§ Instructions for the task: Would you return each entry exactly as written, omitting any pictures?

┌─ Source data

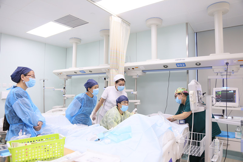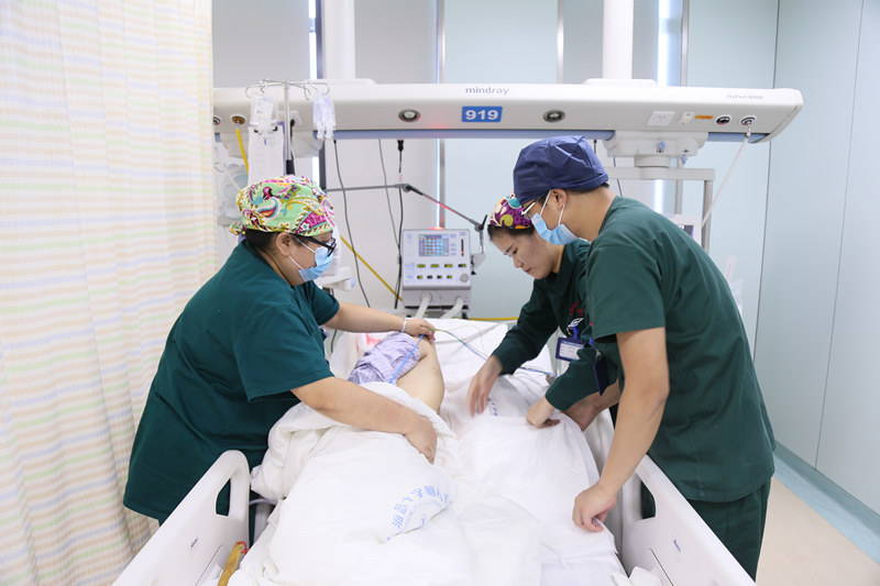 患者XX,脑积水术后患者,张棕智护士长为他进行PICC穿刺(中心静脉穿刺),相当于一次小手术,可以减少对患者血管的不可逆损害、避免静脉炎,同时也可减少患者的负担,但相对于留置针,对护理人员的技术要求提高了。手术服、手套、消毒,严格遵守无菌守则,术中B超探测皮下血管,选取其中相对并发症少的血管进行穿刺,凭借精湛的技艺,张棕智护士长一针准确扎入,在这过程中患者还来及感受到针扎的痛苦,穿刺就已经结束。“虽然是男同志,但做起事来比女同志还认真、心细。”这是手术士护士长许洁对他的评价。
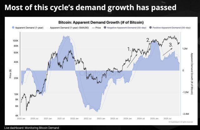 仮想通貨オンチェーン分析企業のクリプトクアントは今週、ビットコイン(BTC)の需要成長が明確に鈍化し、弱気相場への移行を示していると分析した。同社のレポートによると、2023年以降に見られた3つの主要な需要拡大の波が終息し、10月上旬から需要成長がトレンドを下回る状態が続いている。
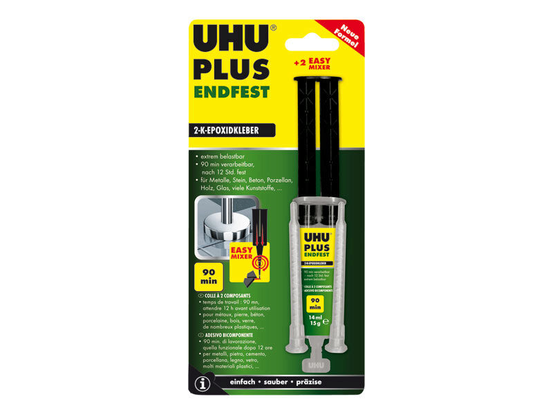 2-Komponenten-Epoxidharzkleber Lösungsmittelfreier Zweikomponenten-Klebstoff auf Epoxidharzbasis für höchste Belastungen. Die Verarbeitungszeit beträgt bis zu 120 Minuten. UHU plus endfest 90min ist sehr vielfältig einsetzbar, insbesondere wenn die Fügestelle extremen Belastungen standhalten muss. Das Mischungsverhältnis beträgt in den meisten Fällen 1:1 Binder und Härter (Volumen). Nach dem Mischen bleibt eine begrenzte Zeit - die Topfzeit - um die Klebstoffe zu verarbeiten. Neben einer hohen Endfestigkeit (bis zu 3000N/cm²) zeichnet sich die Klebeverbindung durch eine sehr hohe Schlagfestigkeit, Alterungs- und Feuchtigkeitsbeständigkeit aus.
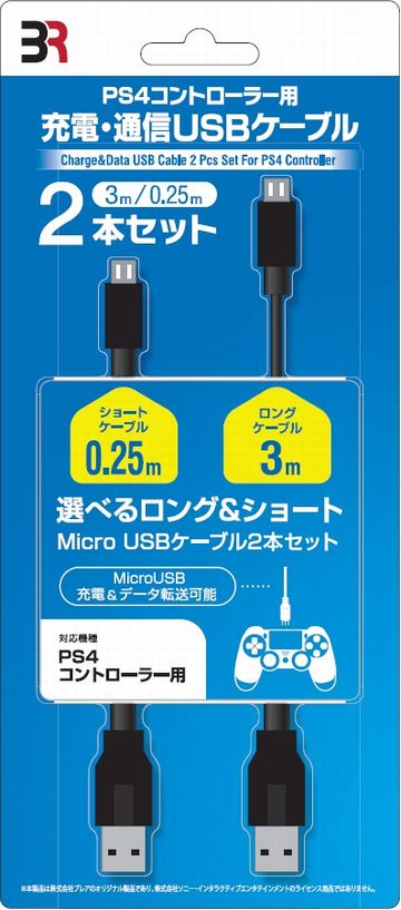 商品名:PT PS4コントローラー用 充電・通信ケーブル (ショート0.25mとロング3mのMicro USB 2本セット) BR-0009 ブレア
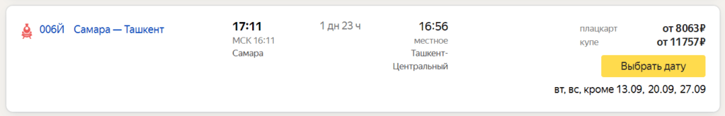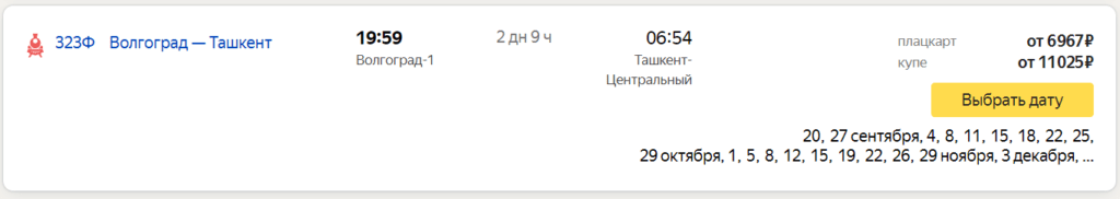 Поезд ходит в направлениях Ташкент-Самара и Ташкент-Волгоград, приобретать билеты необходимо не менее чем за 45 суток. Из Самары билет стоит от 8 063 рублей, из Волгограда — от 6 967 рублей.
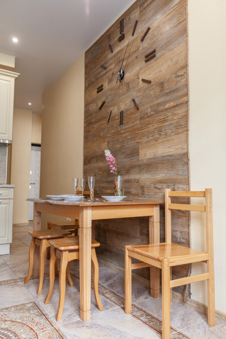 - Спальные места: комфортабельная кровать и два дивана, предлагающие идеальный отдых до 6 гостей.
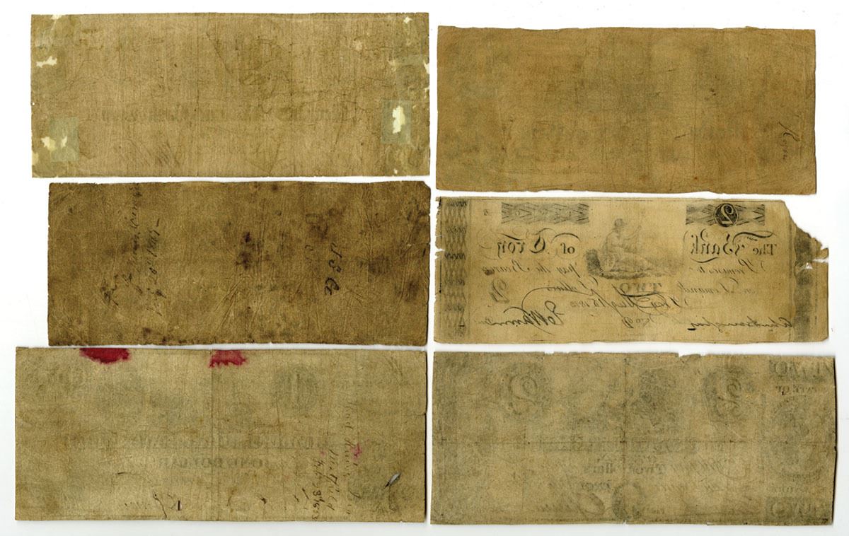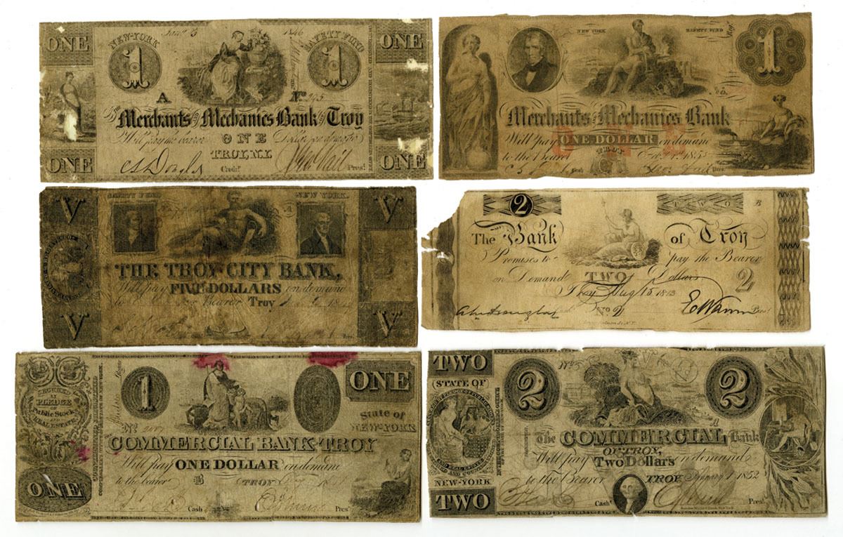 Troy..., New York. Lot includes 6 Obsolete Banknotes from Troy, New York: Troy City Bank, 1847 $5 I/U Banknote; Bank of Troy, 1813 $2 I/U Banknote; Merchants and Mechanics Bank of Troy, 1846 $1 I/U Banknote, Fine with archival repairs; Merchants and Mechanics Bank, 1855 $1 I/U Banknote, Fine-VF condition; Troy City Bank, 1847 $5 I/U Banknote; Commercial Bank of Troy, 1852 $2 I/U Haxby Banknote; Commercial Bank of Troy, 1877 $1 I/U Banknote. All are in VG to Choice Fine condition. (6)
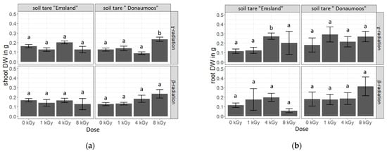 (a) Shoot and (b) root dry mass of four-week-old Zea mays seedlings growing in γ irradiated (upper panels) and β irradiated (lower panels) soil tare “Emsland” (left panels) and soil tare “Donaumoos” (right panels). Bar plots indicate the mean values and standard deviation of four replicates per treatment. Data were analysed by ANOVA Dunnett´s post hoc test. Lowercase letters indicate the significant differences of shoot (a) and root (b) dry weights compared to their respective controls (0 kGy), (p ≤ 0.05).

└─

§ Problem solution:
 患者XX,脑积水术后患者,张棕智护士长为他进行PICC穿刺(中心静脉穿刺),相当于一次小手术,可以减少对患者血管的不可逆损害、避免静脉炎,同时也可减少患者的负担,但相对于留置针,对护理人员的技术要求提高了。手术服、手套、消毒,严格遵守无菌守则,术中B超探测皮下血管,选取其中相对并发症少的血管进行穿刺,凭借精湛的技艺,张棕智护士长一针准确扎入,在这过程中患者还来及感受到针扎的痛苦,穿刺就已经结束。“虽然是男同志,但做起事来比女同志还认真、心细。”这是手术士护士长许洁对他的评价。
 仮想通貨オンチェーン分析企業のクリプトクアントは今週、ビットコイン(BTC)の需要成長が明確に鈍化し、弱気相場への移行を示していると分析した。同社のレポートによると、2023年以降に見られた3つの主要な需要拡大の波が終息し、10月上旬から需要成長がトレンドを下回る状態が続いている。
 2-Komponenten-Epoxidharzkleber Lösungsmittelfreier Zweikomponenten-Klebstoff auf Epoxidharzbasis für höchste Belastungen. Die Verarbeitungszeit beträgt bis zu 120 Minuten. UHU plus endfest 90min ist sehr vielfältig einsetzbar, insbesondere wenn die Fügestelle extremen Belastungen standhalten muss. Das Mischungsverhältnis beträgt in den meisten Fällen 1:1 Binder und Härter (Volumen). Nach dem Mischen bleibt eine begrenzte Zeit - die Topfzeit - um die Klebstoffe zu verarbeiten. Neben einer hohen Endfestigkeit (bis zu 3000N/cm²) zeichnet sich die Klebeverbindung durch eine sehr hohe Schlagfestigkeit, Alterungs- und Feuchtigkeitsbeständigkeit aus.
 商品名:PT PS4コントローラー用 充電・通信ケーブル (ショート0.25mとロング3mのMicro USB 2本セット) BR-0009 ブレア
 Поезд ходит в направлениях Ташкент-Самара и Ташкент-Волгоград, приобретать билеты необходимо не менее чем за 45 суток. Из Самары билет стоит от 8 063 рублей, из Волгограда — от 6 967 рублей.
 - Спальные места: комфортабельная кровать и два дивана, предлагающие идеальный отдых до 6 гостей.
 Troy..., New York. Lot includes 6 Obsolete Banknotes from Troy, New York: Troy City Bank, 1847 $5 I/U Banknote; Bank of Troy, 1813 $2 I/U Banknote; Merchants and Mechanics Bank of Troy, 1846 $1 I/U Banknote, Fine with archival repairs; Merchants and Mechanics Bank, 1855 $1 I/U Banknote, Fine-VF condition; Troy City Bank, 1847 $5 I/U Banknote; Commercial Bank of Troy, 1852 $2 I/U Haxby Banknote; Commercial Bank of Troy, 1877 $1 I/U Banknote. All are in VG to Choice Fine condition. (6)
 (a) Shoot and (b) root dry mass of four-week-old Zea mays seedlings growing in γ irradiated (upper panels) and β irradiated (lower panels) soil tare “Emsland” (left panels) and soil tare “Donaumoos” (right panels). Bar plots indicate the mean values and standard deviation of four replicates per treatment. Data were analysed by ANOVA Dunnett´s post hoc test. Lowercase letters indicate the significant differences of shoot (a) and root (b) dry weights compared to their respective controls (0 kGy), (p ≤ 0.05).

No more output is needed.